女子寮に住むアイドルたちはほとんどが集まって行動していたため、アナスタシアもそれに同行させた。
アナスタシアはまだ興奮冷めやらぬといった様子だったが、デビューライブの後だ。早く帰らせて休ませた方がいいと判断した。
「早く帰ってゆっくり休め」と言うと「……ダー」とどこか不満気に返された。
 アナスタシアの不満気な表情というのは珍しくて、私はこんな表情のアナスタシアもかわいいな、なんて思ってしまった。

 私はちょっとした雑用をしてすぐに事務所に帰った。
 ルキちゃんからは「今日くらい休めばいいのに……」と呆れられたが、そうもいかない。むしろ私の仕事はこれからなのだから。

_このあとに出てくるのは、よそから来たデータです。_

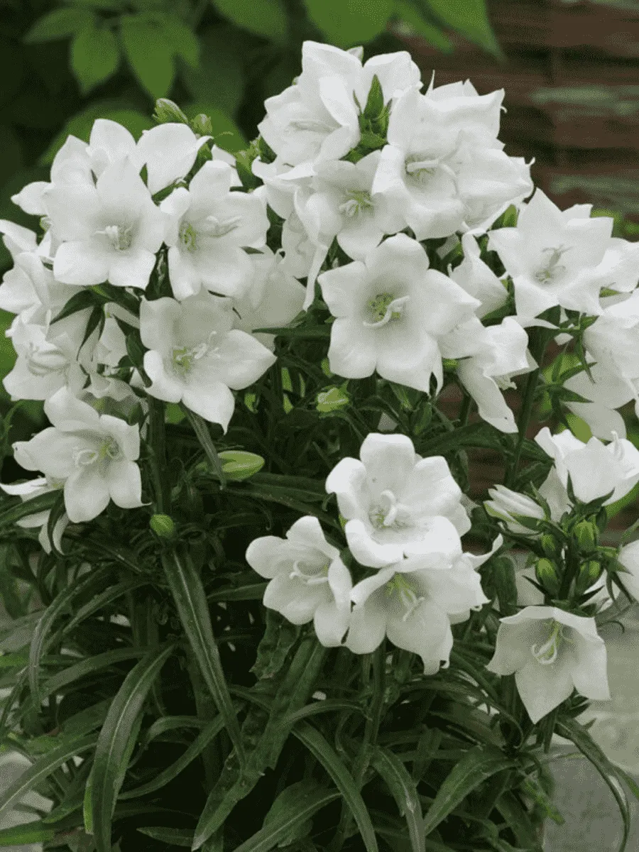 Колокольчик персиколистный сорта *Takion White* пленяет взор своей утончённой красотой и нежностью форм. Это многолетнее травянистое растение достигает высоты около полуметра, обладая прямостоячими стеблями, покрытыми мягкими волосками. Листья продолговато-ланцетной формы, слегка зубчатые по краям, напоминают очертания лепестков персика, отчего сорт и получил своё название. Верхние листья мельче нижних, создавая гармоничную градацию зелёного оттенка от насыщенного до светло-зелёного. Цветки собраны в рыхлые кистевидные соцветия, свисающие подобно миниатюрным колокольчикам, обращённым вниз. Белоснежная окраска цветков подчёркивает чистоту и свежесть облика растения, делая его особенно привлекательным в тенистых уголках сада. Период цветения продолжительный, начинается в июне и длится до конца июля, украшая собой лесные поляны, парки и сады средней полосы России. Благодаря неприхотливости и устойчивости к неблагоприятным условиям, этот колокольчик широко распространён среди садоводов любителей, предпочитающих создавать живописные композиции с участием природных растений.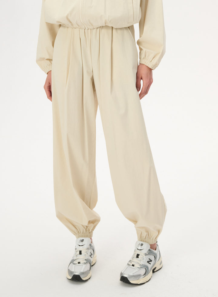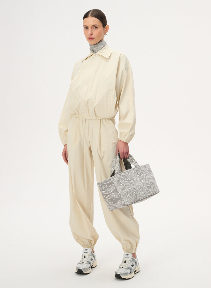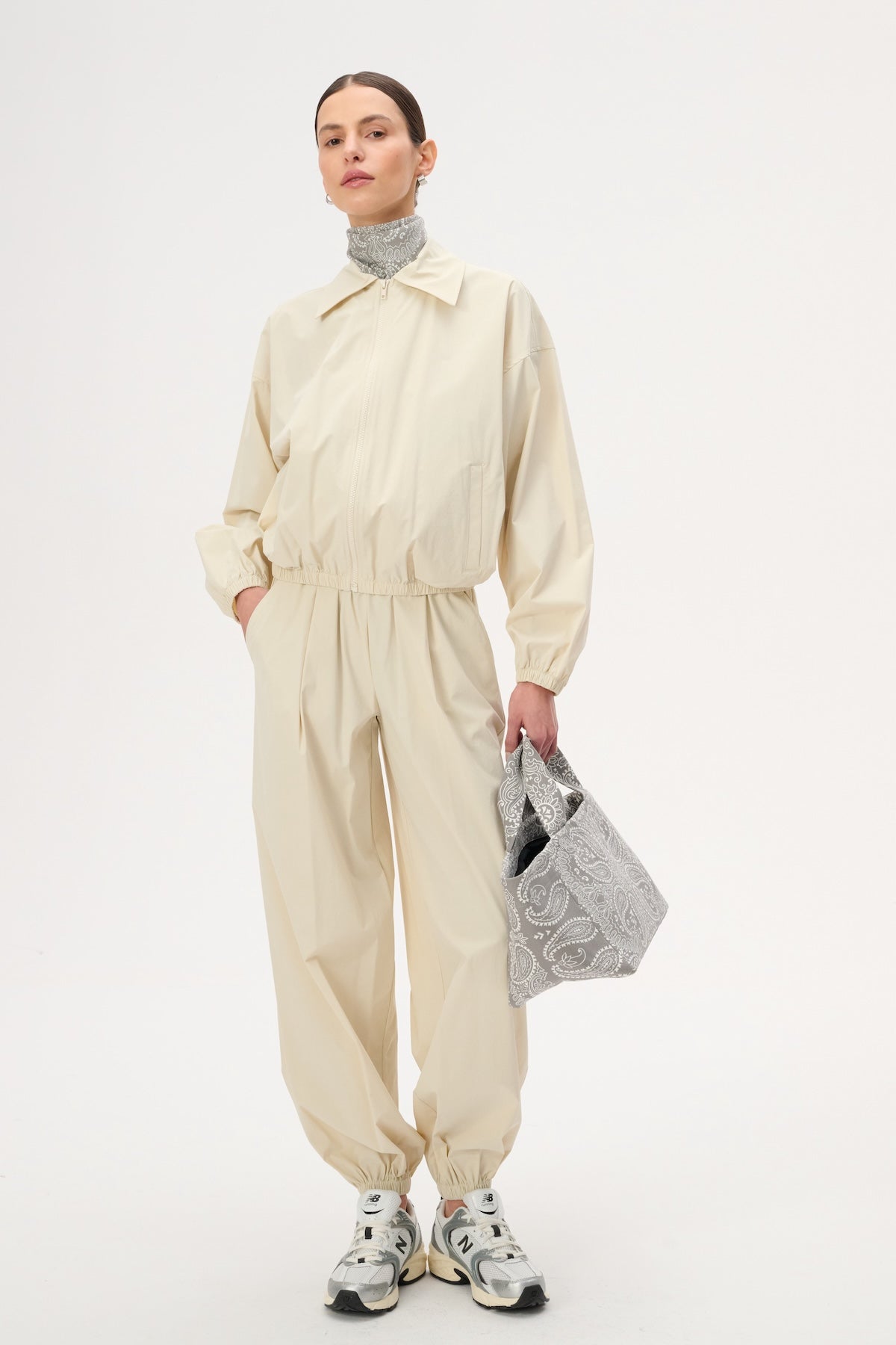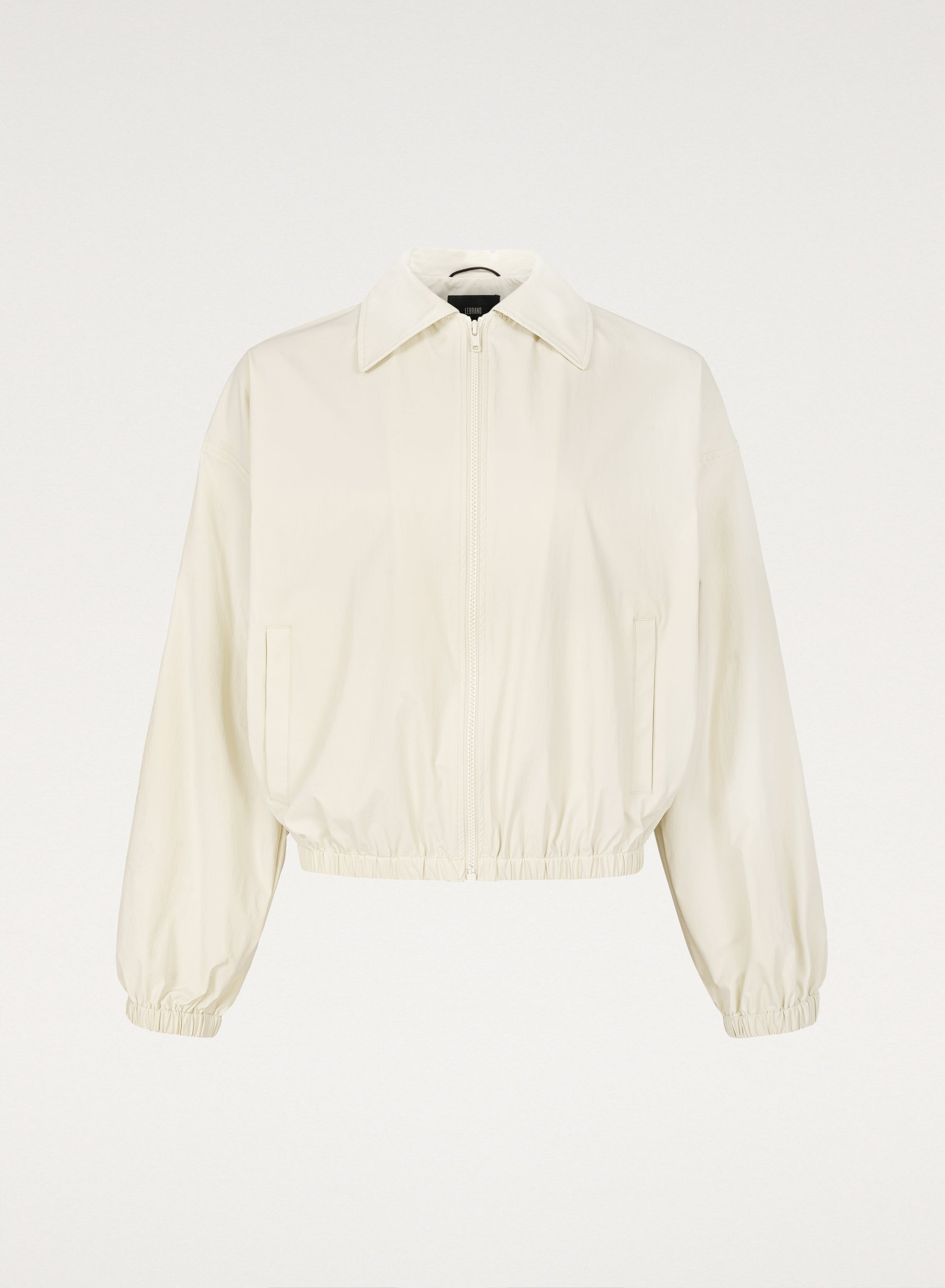 This loose-fitting nylon jacket is made of lightweight ecru fabric. It features an elasticated hem and cuffs, two side pockets, and a zipper closure.

 ネットの評判を見るとアナスタシアの話題が多く見られた。とりあえず、安心した。
 スタッフさんや他のプロデューサーからいくら「良かった」と言われても、ファンからもそう思われてなければ意味がないのだ。
 今調べた範囲でしかないが、とりあえずはファンからもアナスタシアのパフォーマンスは評価されているようで安心した。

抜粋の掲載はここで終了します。